The delegates liked the word Episcopal,
(a church governed by episkopoi, bishops) but needed to differentiate themselves from other churches that are governed by bishops, the Roman Catholics and the Orthodox, and the Swedish Lutherans. So they added the word Protestant,
since we are a non-papal church governed by bishops. In those days the word protestant
had less of a negative connotation (what we are against) and more of a positive meaning, what we are pro. We are pro the consensus of the undivided Church of the first millennium, the patristic consensus. To protest something tended more to mean what you propose and support.

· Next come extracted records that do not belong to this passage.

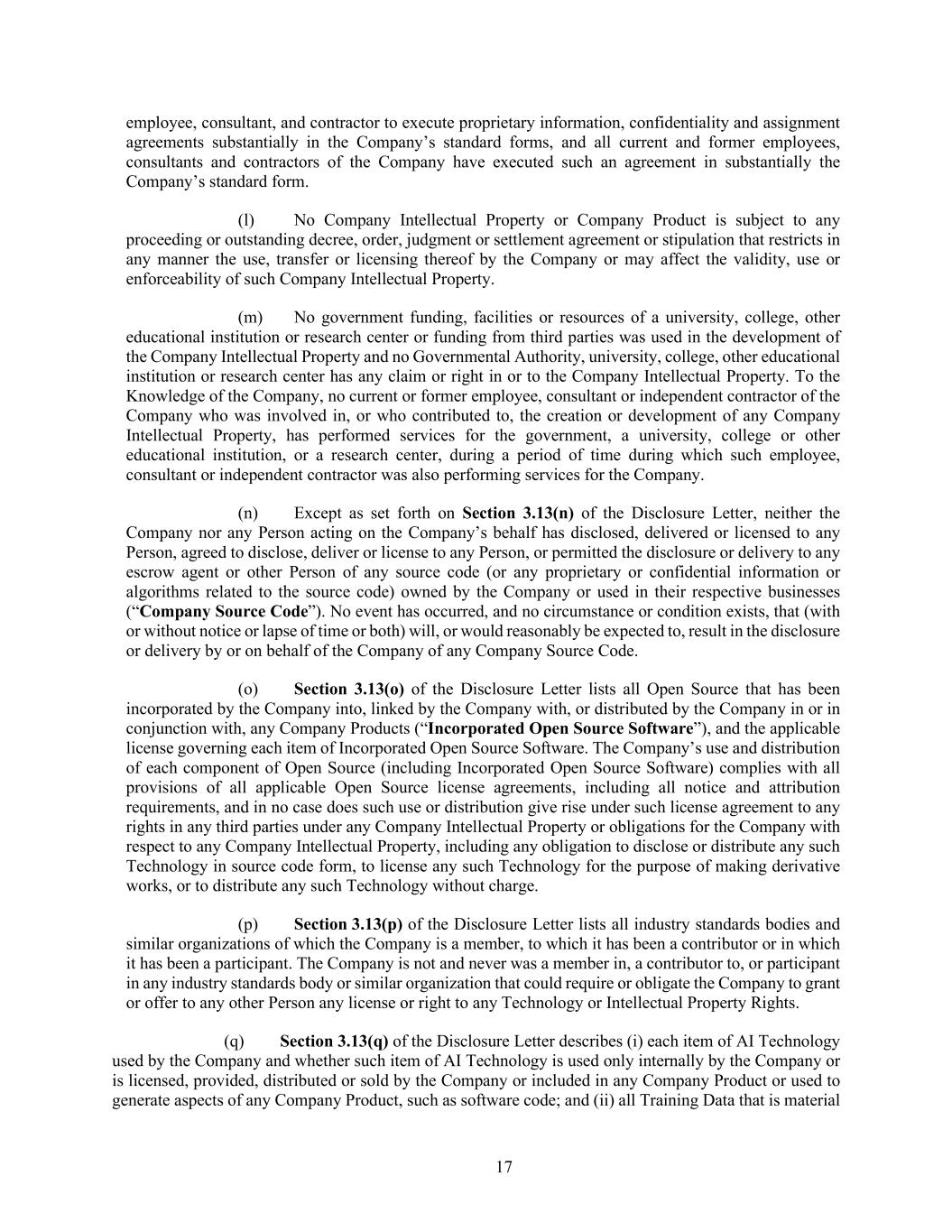17 employee, consultant, and contractor to execute proprietary information, confidentiality and assignment agreements substantially in the Company’s standard forms, and all current and former employees, consultants and contractors of the Company have executed such an agreement in substantially the Company’s standard form. (l) No Company Intellectual Property or Company Product is subject to any proceeding or outstanding decree, order, judgment or settlement agreement or stipulation that restricts in any manner the use, transfer or licensing thereof by the Company or may affect the validity, use or enforceability of such Company Intellectual Property. (m) No government funding, facilities or resources of a university, college, other educational institution or research center or funding from third parties was used in the development of the Company Intellectual Property and no Governmental Authority, university, college, other educational institution or research center has any claim or right in or to the Company Intellectual Property. To the Knowledge of the Company, no current or former employee, consultant or independent contractor of the Company who was involved in, or who contributed to, the creation or development of any Company Intellectual Property, has performed services for the government, a university, college or other educational institution, or a research center, during a period of time during which such employee, consultant or independent contractor was also performing services for the Company. (n) Except as set forth on Section 3.13(n) of the Disclosure Letter, neither the Company nor any Person acting on the Company’s behalf has disclosed, delivered or licensed to any Person, agreed to disclose, deliver or license to any Person, or permitted the disclosure or delivery to any escrow agent or other Person of any source code (or any proprietary or confidential information or algorithms related to the source code) owned by the Company or used in their respective businesses (“Company Source Code”). No event has occurred, and no circumstance or condition exists, that (with or without notice or lapse of time or both) will, or would reasonably be expected to, result in the disclosure or delivery by or on behalf of the Company of any Company Source Code. (o) Section 3.13(o) of the Disclosure Letter lists all Open Source that has been incorporated by the Company into, linked by the Company with, or distributed by the Company in or in conjunction with, any Company Products (“Incorporated Open Source Software”), and the applicable license governing each item of Incorporated Open Source Software. The Company’s use and distribution of each component of Open Source (including Incorporated Open Source Software) complies with all provisions of all applicable Open Source license agreements, including all notice and attribution requirements, and in no case does such use or distribution give rise under such license agreement to any rights in any third parties under any Company Intellectual Property or obligations for the Company with respect to any Company Intellectual Property, including any obligation to disclose or distribute any such Technology in source code form, to license any such Technology for the purpose of making derivative works, or to distribute any such Technology without charge. (p) Section 3.13(p) of the Disclosure Letter lists all industry standards bodies and similar organizations of which the Company is a member, to which it has been a contributor or in which it has been a participant. The Company is not and never was a member in, a contributor to, or participant in any industry standards body or similar organization that could require or obligate the Company to grant or offer to any other Person any license or right to any Technology or Intellectual Property Rights. (q) Section 3.13(q) of the Disclosure Letter describes (i) each item of AI Technology used by the Company and whether such item of AI Technology is used only internally by the Company or is licensed, provided, distributed or sold by the Company or included in any Company Product or used to generate aspects of any Company Product, such as software code; and (ii) all Training Data that is material
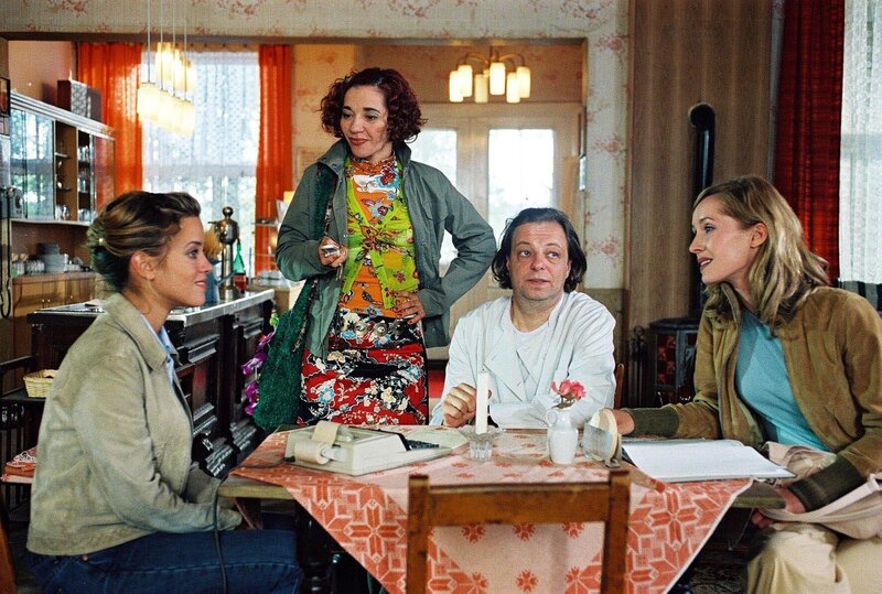 Die berühmte TV-Moderatorin Karen (Silvina Buchbauer, r.) glaubt sich mit ihrer Assistentin Beate (Anja Franke, 2.v.l.) in dem "Romantik Hotel", das die Hochzeiten von Prominenten ausrichtet. Von ihrem treuen Koch Pavel (Milan Steidler, 2.v.r.) ermutigt, lässt sich Nina (Muriel Baumeister, l.) darauf ein, in ihrem Lokal die Hochzeit auszurichten und damit vielleicht auch das Familienunternehmen vor dem Bankrott zu retten.
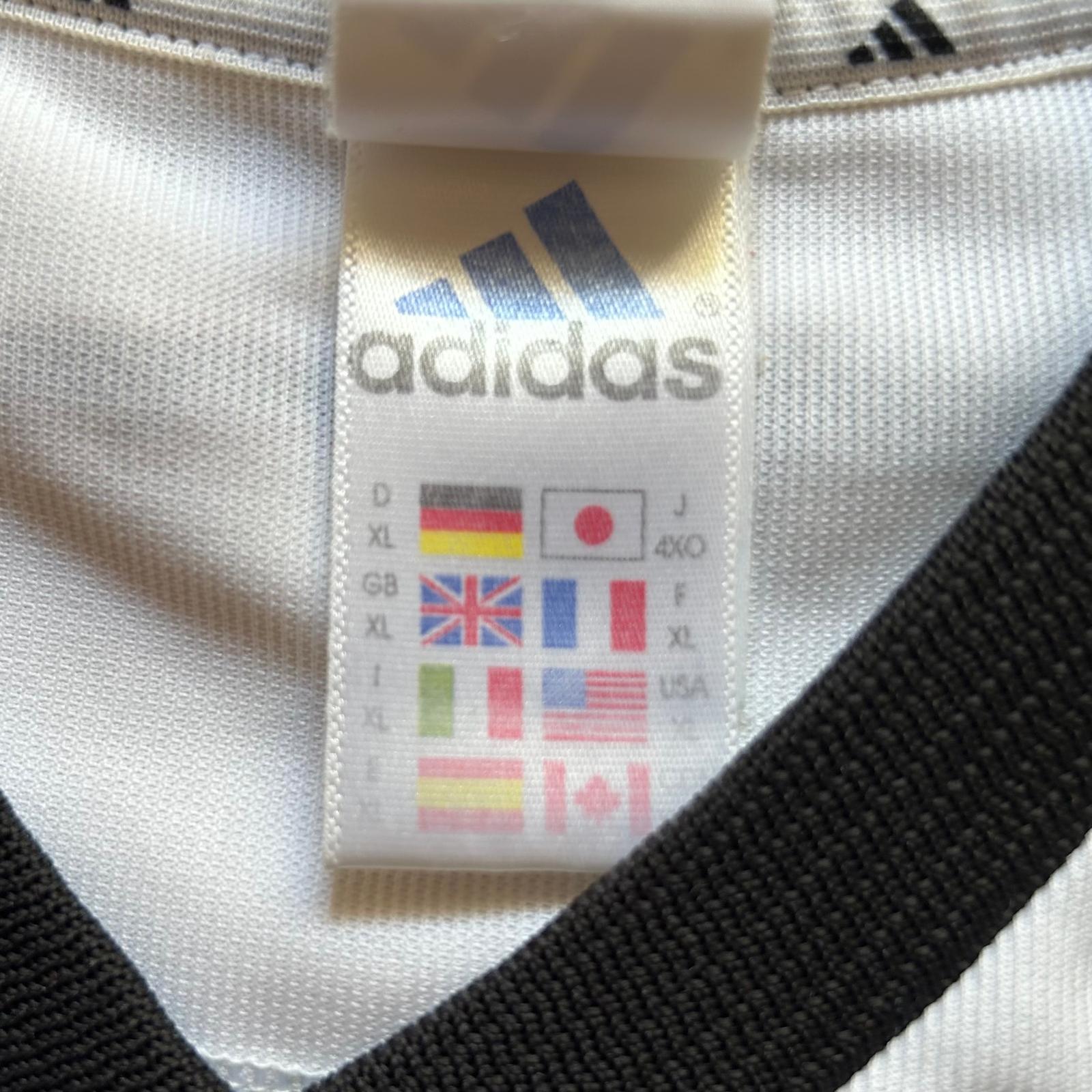 Camiseta local de la selección de Alemania, utilizada entre 2002 y 2004 y fabricada por Adidas. Usada en el Mundial de Corea-Japón 2002, donde Alemania alcanzó la final, y en la fase de clasificación para la Eurocopa 2004. Diseño clásico en blanco con detalles en negro y tres estrellas sobre el escudo, representando sus títulos mundiales hasta la fecha.
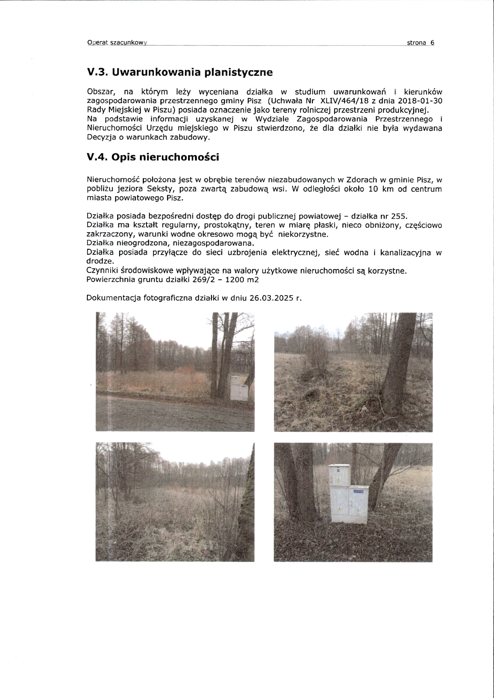 Nieruchomość położona jest w obrębie terenów niezabudowanych w Zdorach w gminie Pisz, w pobliżu jeziora Seksty, poza zwartą zabudową wsi, w odległości około 10 km od centrum miasta powiatowego Pisz. Posiada dostęp do drogi publicznej powiatowej, jest nieogrodzona i niezagospodarowana. Ma kształt regularny, prostokątny, teren w miarę płaski, nieco obniżony, częściowo zakrzaczony, warunki wodne okresowo mogą być niekorzystne. Działka posiada przyłącze do sieci uzbrojenia elektrycznej, sieć wodna i kanalizacyjna w drodze. Czynniki środowiskowe wpływające na walory użytkowe nieruchomości są korzystne.
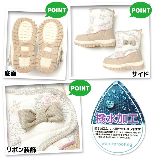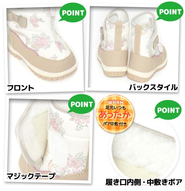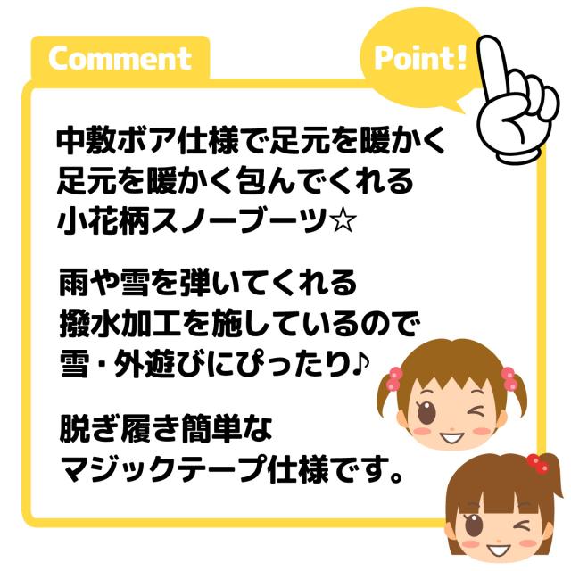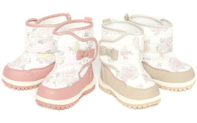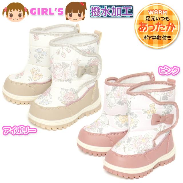 【送料無料】女児 ベビー キッズ スノーブーツ 撥水加工 ボア中敷 あったか 小花柄 リボン 靴 子供 女の子 iw-0981
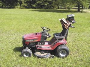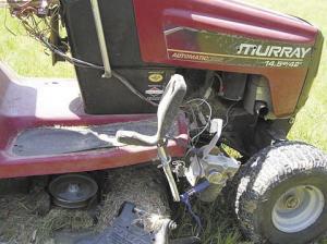 A friend calls his latest mower "Robogoat". He started with a cheap Murray lawn mower with a 42-in. cut and 14 hp engine that cost about $1,100.
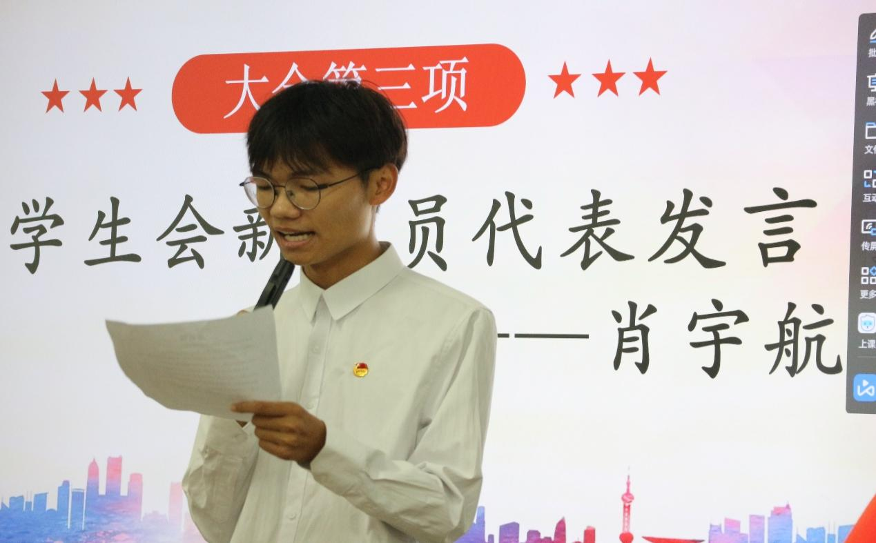新生代表肖宇航在发言中表达了自己对加入这个大家庭的荣幸与自豪。他分享了自己加入学生会后想得到自我发展的愿望,希望和同学们在学生会里共同奋力前行!
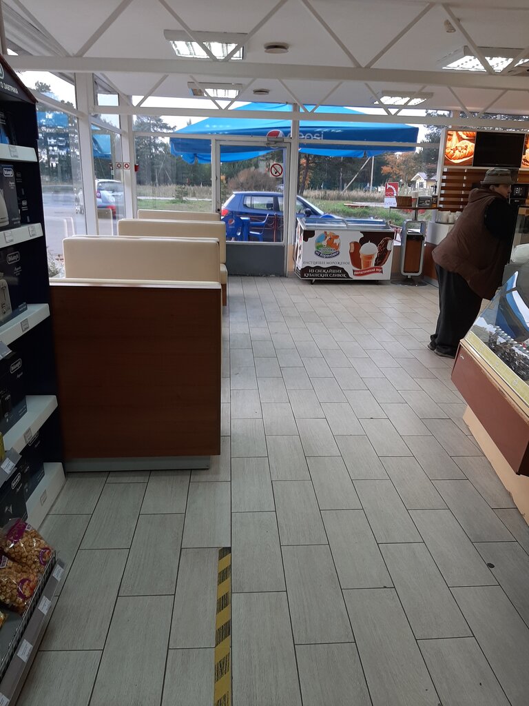 Выпечка и френч доги очень вкусные, персонал приветливый, но всё время чем то занятый , уборкой , выкладкой, приёмом топлива и т.д.Нет салфеток и перчаток на колонках, АЗС давно просит реконструкции!!!! Куда смотрит такая богатая организация??? В наше время такая устаревшая заправка.
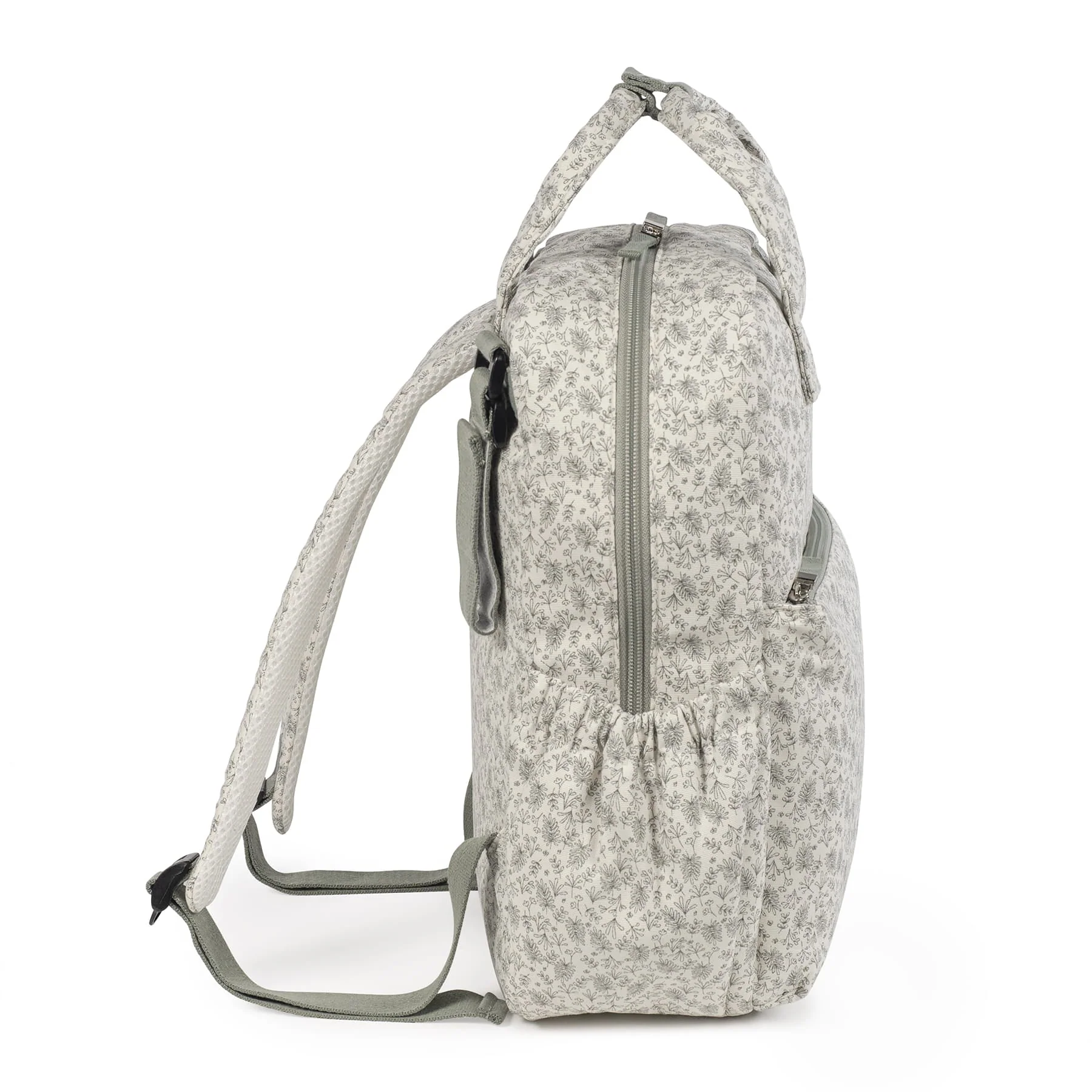 Zaino ideale per trasportare le tue cose e quelle del tuo bambino con stile durante tutte le vostre passeggiate. Lo zaino Gala Mint con stampa floreale è realizzato in 100% cotone con trattamento impermeabile. Lo zaino per passeggino è un modello multifunzionale molto leggero, resistente e capiente per trasportare tutto il necessario durante le passeggiate. La sua struttura offre 3 tasche esterne e 4 interne per tenere tutto in ordine e a portata di mano. All’esterno ha una tasca frontale con chiusura a zip e due tasche laterali per biberon o bottiglie. All’interno ha una tasca plastificata per i vestiti bagnati, una tasca termica per biberon e due tasche per tutto ciò che devi avere a portata di mano. Include un fasciatoio abbinato alla borsa per la maternità. La borsa include 2 manici corti regolabili che facilitano il posizionamento su qualsiasi modello di passeggino, manici e cinghie imbottite per appenderla sulle spalle, senza creare fastidio a causa del peso. Grande qualità e molto stile. Realizzata in 100% cotone con trattamento impermeabile, facile da pulire, può essere lavata a mano o in lavatrice. Walking Mum protegge il tuo bambino utilizzando i migliori tessuti, privi di coloranti azoici e sostanze nocive per la salute. La nostra collezione Walking Mum mantiene tutta la qualità del marchio Pasito a Pasito, ma con un particolare tocco di stile urbano e moderno che non passa inosservato, per vestire in modo diverso le passeggiate con il tuo bambino. Le borse per la maternità di questa linea sono più sportive e pratiche, pensate appositamente per mamme e papà moderni che apprezzano i design più attuali e di tendenza senza rinunciare alla qualità e alla funzionalità degli accessori che completano e rendono più comode tutte le passeggiate con i loro bambini. Specifiche: Materiali: 100% cotone. Misure: 37X28X13 cm.
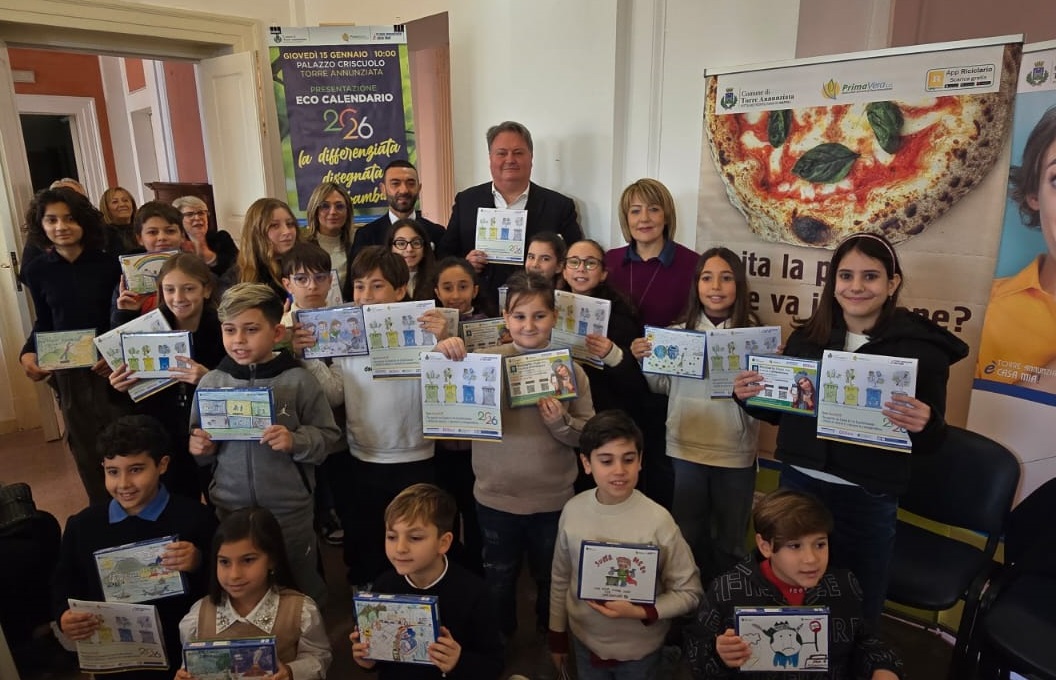 È stato presentato questa mattina, nella sala di Palazzo Criscuolo, l’Eco-Calendario 2026 di Torre Annunziata. L’iniziativa, giunta alla seconda edizione, è stata promossa dall’Amministrazione Comunale in collaborazione con Prima Vera e ha coinvolto i quattro istituti comprensivi cittadini con l’obiettivo di educare i più giovani alla corretta raccolta differenziata.
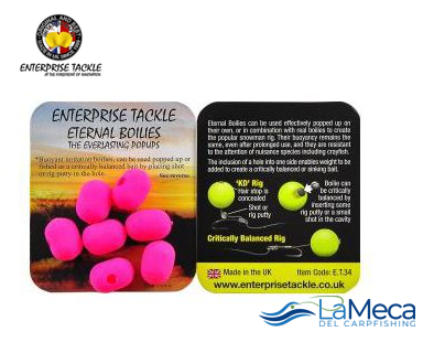 Los Enterprise Tackle Eternal Boilies Dumbell representan la evolución en señuelos inteligentes para carpas cautelosas. Su diseño patentado con orificio lateral permite:
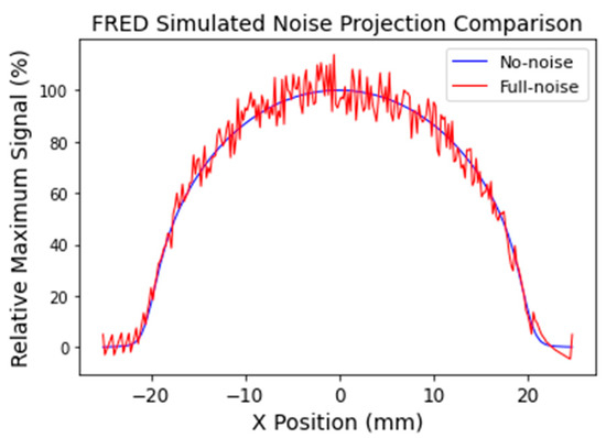 Comparison of no-noise- and full-noise-simulated projections. Profiles were taken from the no-noise and full-noise projection data at the depth of Dmax, indicating the difference in noise magnitude between the two simulations.
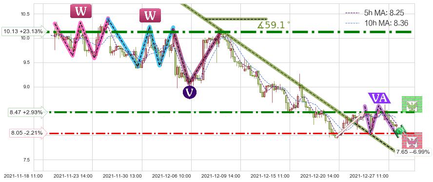 ♞ 5小时均线:8.25,10小时均线:8.36→ 快线<慢线

Page ii has the Certificate,
signed by the Custodian of the Standard Book of Common Prayer, that this edition…has been compared with a certified copy of the Standard Book…
The Standard Book is in a glass case in the Archives of the National Cathedral in Washington, D.C. Every publisher who prints the BCP must ensure that the text, and pagination, is the same as the Standard Book, so that everyone using the Book is on the same page.
It is interesting to note that the Prayer Book is not copyrighted, so that everyone can freely borrow from it at will.